Flexner first set out to look for the great masters who were to form the basis of his institute. He traveled through America and Europe looking for men of such rank who were available. In the course of these journeys he came to Pasadena in the winter of 1932. There he discussed the matter with R. A. Millikan, the famous physicist, who said to him: “You know that Einstein is a guest here at present. Why don’t you tell him about your plan and hear his opinion?” At first Flexner was rather hesitant about discussing such questions concerning teaching and administration with a man who had already become a legend. He was afraid to approach Einstein because he was “a too much lionized man.” Millikan told him, however, that Einstein was a man who was interested in all projects for improving the training of young scholars and who liked everything that was new and bold. “I will tell him about you immediately. Look him up at the Athenaeum.” This is the faculty club of the California Institute of Technology, situated in the midst of a beautiful palm garden, where foreign scholars stayed as guests.

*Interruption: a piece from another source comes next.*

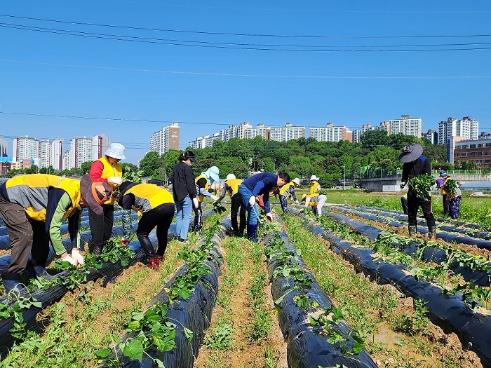 이번 행사에는 실버경찰대원 22명을 비롯해 금촌2동 직원들이 함께 참여해 고구마 심기에 동참했다. 이들은, 지난해 대비 3배 가까운 면적에 3,500여 개의 모종을 심었다.

Flexner described this visit as follows:
“I drove over to the Athenaeum where he and Mrs. Einstein were staying and met him for the first time. I was fascinated by his noble bearing, his simply charming manner and his genuine humility. We
walked up and down the corridor of the Athenaeum for upwards of an hour, I explaining, he questioning. Shortly after twelve, Mrs. Einstein appeared to remind him that he had a luncheon engagement. ‘Very well,’ he said in his kindly way, ‘we have time for that. Let us talk a little longer.’ ”
At this time Flexner did not yet consider Einstein himself for this institute. He wanted only to hear his opinion about the plan. They agreed to meet again early the next summer at Oxford, where Einstein was to lecture.
As they had planned, Einstein actually met Flexner on the beautiful lawn of the quadrangle of Christ Church College at Oxford, where Einstein was staying. Flexner describes the meeting:
“It happened to be a superbly beautiful day and we walked up and down, coming to closer and closer grips with the problem. As it dawned on me during our conversation that perhaps he might be interested in attaching himself to an institute of the proposed kind, before we parted I said to him: ‘Professor Einstein, I would not presume to offer you a post in this new Institute, but if on reflection you decide that it would afford you the opportunity which you value you would be welcome on your own terms.’ ”
They agreed that during the summer Flexner would come to Berlin to continue the talks. It was the summer of Papen’s interim government in Germany, the summer when the German Republic was already dead and led only a ghostly existence. Einstein saw the future with complete clarity and had decided to keep the road to America open for himself.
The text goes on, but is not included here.